Model: Random Forest Regressor
RMSE: 0.301
R² Score: 0.960
------------------------------
Model: Decision Tree Regressor
RMSE: 0.405
R² Score: 0.928
------------------------------
Model: Gradient Boosting Regressor
RMSE: 0.314
R² Score: 0.957
------------------------------


---
#### Why Linear Regression is Not Useful Here:

Linear Regression assumes a **straight-line relationship** between features and the target variable. However, restaurant ratings are influenced by complex, **non-linear interactions** (e.g., city, cuisine type, online delivery availability).  
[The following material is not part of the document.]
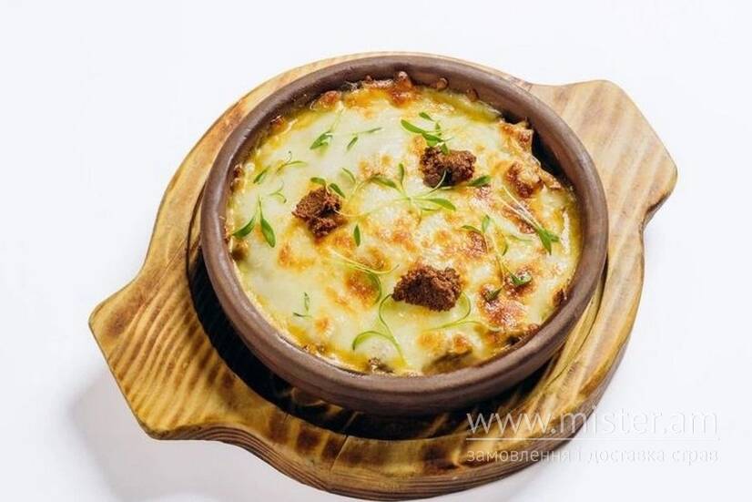 Томлене м`ясо ягня з печерицями, у вершковому соусі, запечені в кеці під сиром сулугуні.

#### Problems with Linear Regression:
- **Failed Completely**: It produced an **R² score worse than guessing** and an RMSE in the trillions.  
- **Can’t Handle Non-Linearity**: Ratings don’t follow a simple linear pattern.  
- **Sensitive to Feature Encoding**: One-hot encoding created many new columns, making it unstable.  

#### Why These Models Are Better:
| Model                          | RMSE  | R² Score |
|--------------------------------|-------|----------|
| **Random Forest Regressor**    | 0.301 | 0.960    |
| **Decision Tree Regressor**    | 0.405 | 0.928    |
| **Gradient Boosting Regressor** | 0.314 | 0.957    |

✅ **Random Forest & Gradient Boosting** excel at capturing complex patterns in structured data.  
✅ **Decision Tree**, while not as strong, still handles non-linearity better than Linear Regression.